- Opening Delimiter -

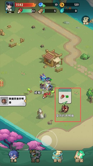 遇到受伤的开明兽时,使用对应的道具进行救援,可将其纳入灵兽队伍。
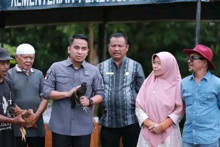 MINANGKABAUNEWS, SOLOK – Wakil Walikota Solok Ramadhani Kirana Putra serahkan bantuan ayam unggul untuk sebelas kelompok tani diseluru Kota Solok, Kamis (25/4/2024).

- Closing Delimiter -
- Opening Delimiter -

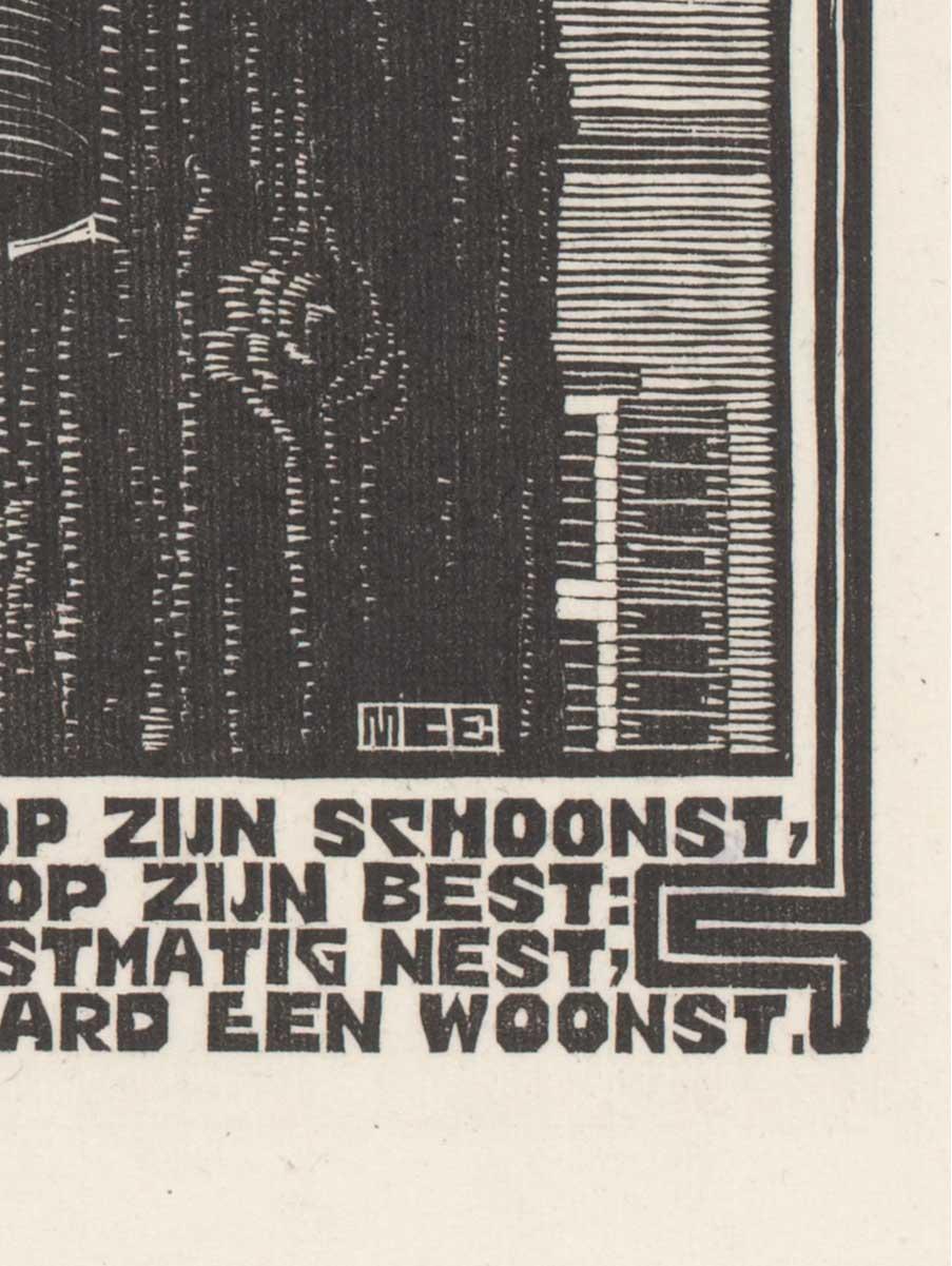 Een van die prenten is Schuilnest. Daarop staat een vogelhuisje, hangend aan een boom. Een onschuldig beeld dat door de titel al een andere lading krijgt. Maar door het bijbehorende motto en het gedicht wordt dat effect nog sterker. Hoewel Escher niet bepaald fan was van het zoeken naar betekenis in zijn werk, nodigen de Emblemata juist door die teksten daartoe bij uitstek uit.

- Closing Delimiter -

ASSIGNMENT:
Copy out exactly the material that runs from the line with "遇到受伤的开明兽时,使用对应的道具进行救援,可将其纳入灵兽队伍。" to the line with "MINANGKABAUNEWS, SOLOK –", ends included, and leave the pictures behind.

TASK RESPONSE:
 遇到受伤的开明兽时,使用对应的道具进行救援,可将其纳入灵兽队伍。
 MINANGKABAUNEWS, SOLOK – Wakil Walikota Solok Ramadhani Kirana Putra serahkan bantuan ayam unggul untuk sebelas kelompok tani diseluru Kota Solok, Kamis (25/4/2024).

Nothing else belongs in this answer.